### Source data
○ ○ ○ ○

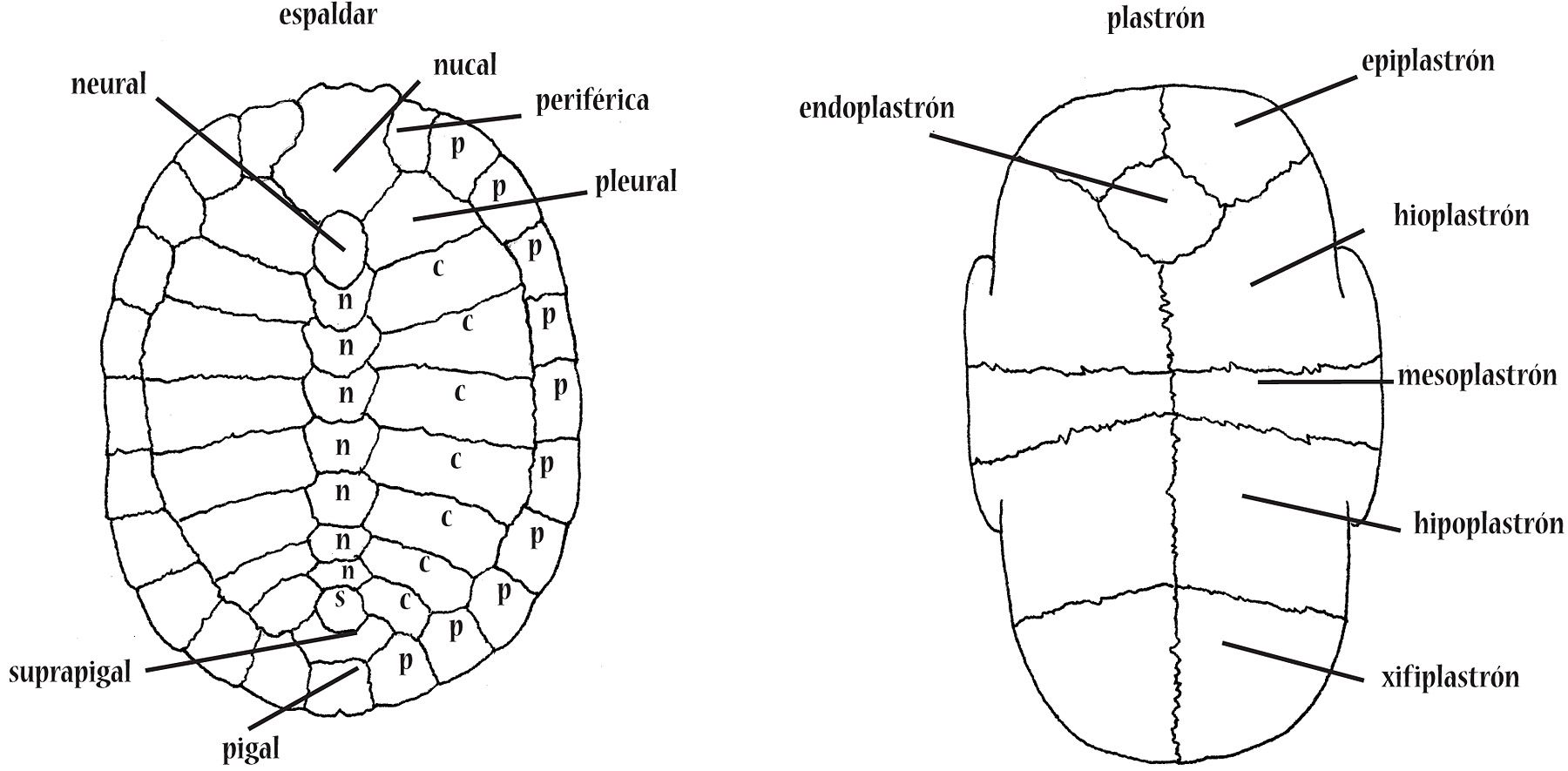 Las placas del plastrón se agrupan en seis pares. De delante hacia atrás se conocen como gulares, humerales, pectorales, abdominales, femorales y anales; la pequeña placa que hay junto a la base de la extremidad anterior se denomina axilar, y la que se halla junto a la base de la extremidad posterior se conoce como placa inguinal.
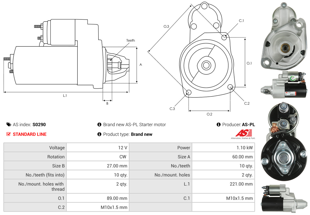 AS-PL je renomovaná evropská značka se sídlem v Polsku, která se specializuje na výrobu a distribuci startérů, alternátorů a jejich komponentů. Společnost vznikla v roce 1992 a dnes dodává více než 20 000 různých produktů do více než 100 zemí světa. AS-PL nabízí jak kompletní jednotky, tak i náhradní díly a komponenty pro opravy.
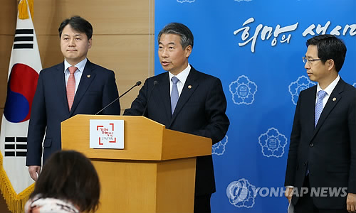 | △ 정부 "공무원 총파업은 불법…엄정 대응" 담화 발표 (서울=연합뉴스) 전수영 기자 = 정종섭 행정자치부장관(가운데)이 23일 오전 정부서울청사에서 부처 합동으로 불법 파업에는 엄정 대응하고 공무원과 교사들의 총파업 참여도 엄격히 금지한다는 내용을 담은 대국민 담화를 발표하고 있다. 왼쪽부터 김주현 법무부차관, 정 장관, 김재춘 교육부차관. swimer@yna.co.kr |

○ ○ ○ ○

### To do
Reproduce the data exactly, please, and omit its pictures.

### Response box
 Las placas del plastrón se agrupan en seis pares. De delante hacia atrás se conocen como gulares, humerales, pectorales, abdominales, femorales y anales; la pequeña placa que hay junto a la base de la extremidad anterior se denomina axilar, y la que se halla junto a la base de la extremidad posterior se conoce como placa inguinal.
 AS-PL je renomovaná evropská značka se sídlem v Polsku, která se specializuje na výrobu a distribuci startérů, alternátorů a jejich komponentů. Společnost vznikla v roce 1992 a dnes dodává více než 20 000 různých produktů do více než 100 zemí světa. AS-PL nabízí jak kompletní jednotky, tak i náhradní díly a komponenty pro opravy.
 | △ 정부 "공무원 총파업은 불법…엄정 대응" 담화 발표 (서울=연합뉴스) 전수영 기자 = 정종섭 행정자치부장관(가운데)이 23일 오전 정부서울청사에서 부처 합동으로 불법 파업에는 엄정 대응하고 공무원과 교사들의 총파업 참여도 엄격히 금지한다는 내용을 담은 대국민 담화를 발표하고 있다. 왼쪽부터 김주현 법무부차관, 정 장관, 김재춘 교육부차관. swimer@yna.co.kr |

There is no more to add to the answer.